The UN war crimes tribunal has sentenced Bosnian Serb politician Momcilo Krajisnik to 27 years in prison for crimes against humanity committed during the Bosnian war.
Judge Alphons Orie pronounced him guilty of murder, extermination, deportation, persecution and forced transfer of non-Serb civilians, but said Krajisnik did not have the specific intent necessary to be found guilty of genocide.
Krajisnik (61), a former right-hand man to Bosnian Serb wartime leader Radovan Karadzic, went on trial in February 2004 charged with genocide, complicity in genocide, crimes against humanity and violating the laws or customs of war.
Krajisnik, captured by NATO-led peacekeepers near Sarajevo in 2000, pleaded not guilty to all counts.
Defence lawyers had called for Krajisnik's acquittal, saying witness testimony against him was not credible.
"Mr Krajisnik wanted the Muslim and Croat populations moved out of Bosnian-Serb territories in large numbers, and accepted that a heavy price of suffering, death and destruction was necessary to achieve Serb domination," Judge Orie said.

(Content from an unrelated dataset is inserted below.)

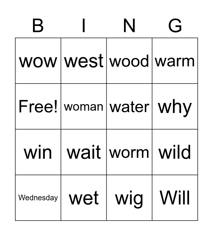 This bingo card has 16 words: wet, wild, wood, wow, win, west, worm, wig, Free!, woman, Wednesday, warm, wait, why, water and Will.

Krajisnik was one of the most senior politicians on trial in The Hague since the death earlier this year of former Yugoslav President Slobodan Milosevic, just months before his marathon trial had been expected to conclude.
Krajisnik headed the parliament of the breakaway Bosnian Serb republic during the war, and was part of the presidency together with Karadzic and former Bosnian Serb President Biljana Plavsic.
Plavsic, who admitted responsibility for atrocities in the Bosnia war and was jailed for 11 years in 2004, testified against Krajisnik earlier this year.
Karadzic, who is still on the run, is charged with responsibility for the 1995 Srebrenica massacre of up to 8,000 Muslims and the brutal siege of Sarajevo.